Median of Two Sorted Arrays

22 minute read

“Stop thinking ‘merge’. Think ‘partition’—the median is just the boundary between two halves.”

1. Problem Statement

You are given two sorted arrays nums1 and nums2 (possibly different lengths). Return the median of the combined multiset of numbers.

Median definition:

If total count (N) is odd, median is the middle element.
If (N) is even, median is the average of the two middle elements.

Example 1

Input: nums1 = [1,3], nums2 = [2]
Combined: [1,2,3]
Output: 2.0

Example 2

Input: nums1 = [1,2], nums2 = [3,4]
Combined: [1,2,3,4]
Output: (2+3)/2 = 2.5

Constraints (typical interview)

Arrays are individually sorted (non-decreasing).
Lengths can be imbalanced (e.g., m=1, n=10^6).
You’re expected to do better than merging both arrays.

2. Understanding the Problem

2.1 Why this is hard (and why it’s famous)

Merging two sorted arrays is easy: two pointers, (O(m+n)). But the “legendary” follow-up is: can you do it in logarithmic time?

That requirement forces a mental shift:

Don’t build the combined array.
Don’t scan all items.
Instead, search for a boundary condition that defines the median.

This is the same mental model you use in:

Distributed systems: you don’t pull all logs to one box; you query boundaries/aggregations.
Federated learning: you don’t centralize raw data; you coordinate updates to reach a global optimum.
Privacy-preserving speech: you can’t centralize raw audio, so you must compute what you need without seeing everything.
Knowledge graphs for agents: you can’t traverse the entire graph; you rely on indexes and targeted queries.

2.2 The median as a partition

Imagine combining both arrays into one sorted list of length (N = m+n).
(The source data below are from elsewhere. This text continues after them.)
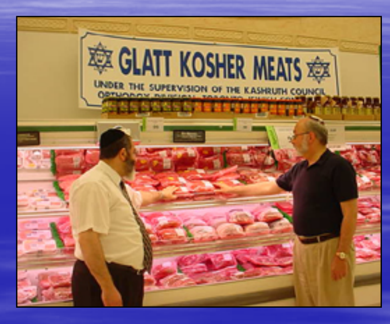
What do you think "Kosher" Means?

They tell Jewish people how to pray, what to eat and which festivals to celebrate.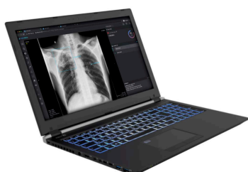
(Laptop to be procured separately)

InferRead DR Chest Software was introduced in the market in 2020. It is able to detect multiple different pathologies including TB, for which it processes both antero-posterior (AP) and postero-anterior (PA) chest X-ray in less than 10 seconds. The output is a binary outcome for TB, continuous values for TB-probability and annotated images with rectangles indicating the areas identified as TB.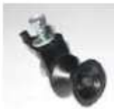
H.1300.42.4 Roller bearing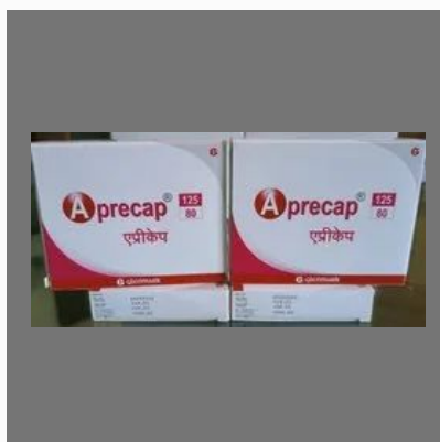
Apracap 125 Mg Capsule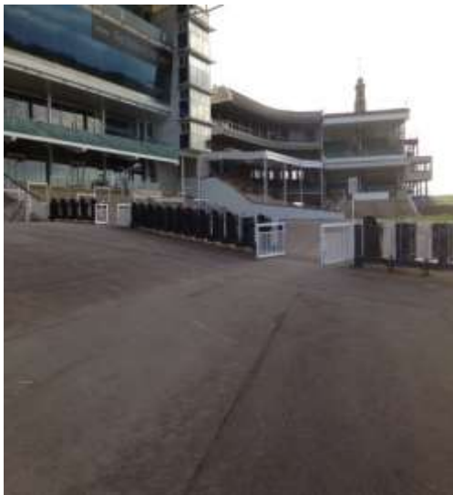
Racecourse side of the Grandstand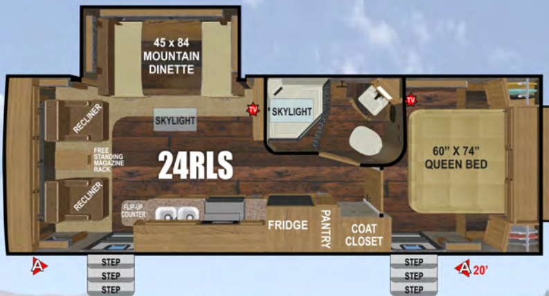
DRY WEIGHT: 6650 ~ FLOOR LENGTH: 24'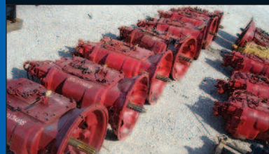
SUPER 10 TRANSMISSIONS: TAKEOUTS & CORES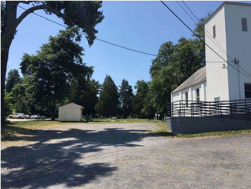
2. Approach to cemetery, facing southeast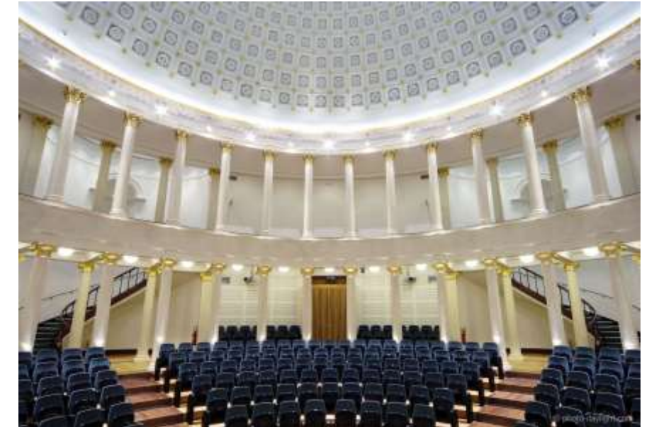
Salle Académique, finished in 1824.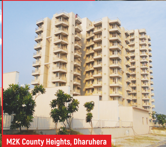
M2K County Heights, Dharuhera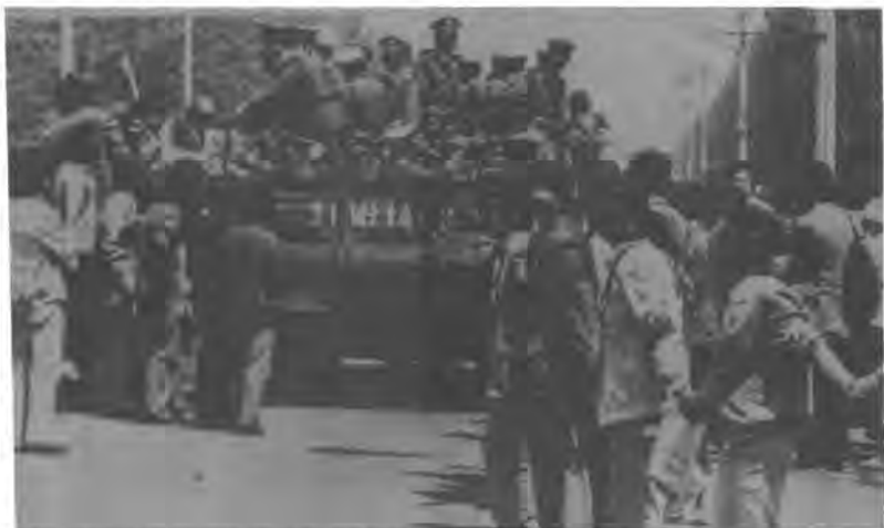
The students persuade the PLA troops to leave Beijing on May 20. YANG LIMING

The blocked PLA soldiers with Beijing residents on the evening of May 20. XUE CHAO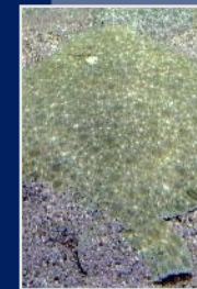
Black sea turbot fisheries and picked dogfish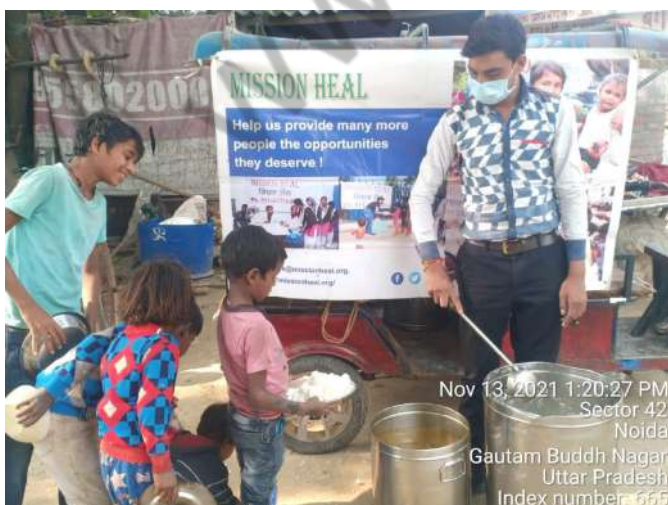
Nov 13, 2021 1:20:27 PM Sector 42 Noida Gautam Buddha Nagar Uttar Pradesh Index number: 655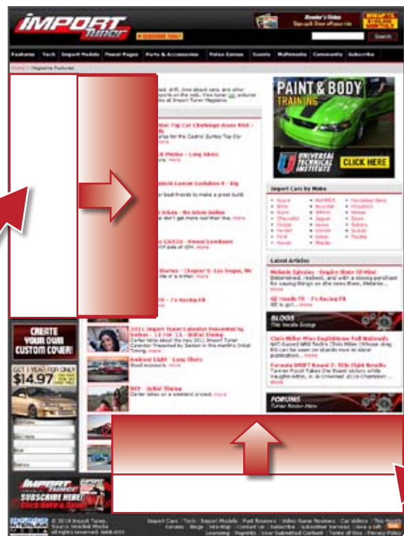
160x600 ad unit expands to max size 320x600 to the right on click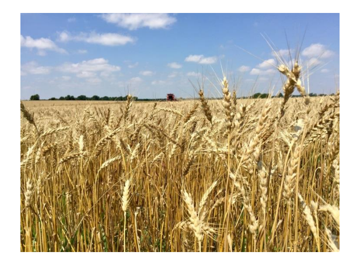
June – Wheat Harvest by Hailey Rook

Let:

(L) be the left half
(R) be the right half

We want:

( L = \left\lfloor\frac{N+1}{2}\right\rfloor) (left has the extra item when odd)
Every element in (L) (\le) every element in (R)

If we can find such a partition, the median is trivial:

If (N) is odd: median is max(L)
If (N) is even: median is (max(L) + min(R)) / 2

So the task becomes:

Find a partition across two arrays such that left sizes match and ordering holds.

3. Approach 1: Brute Force (Merge Then Median)

3.1 Idea

Merge nums1 and nums2 into a new sorted array, then compute the median.

3.2 Complexity

Time: (O(m+n))
Space: (O(m+n)) if you build the merged array

3.3 Why it’s not enough

If n=10^6, you just did a million operations for a single median. Interviews want you to recognize that median depends on a boundary, not on every value.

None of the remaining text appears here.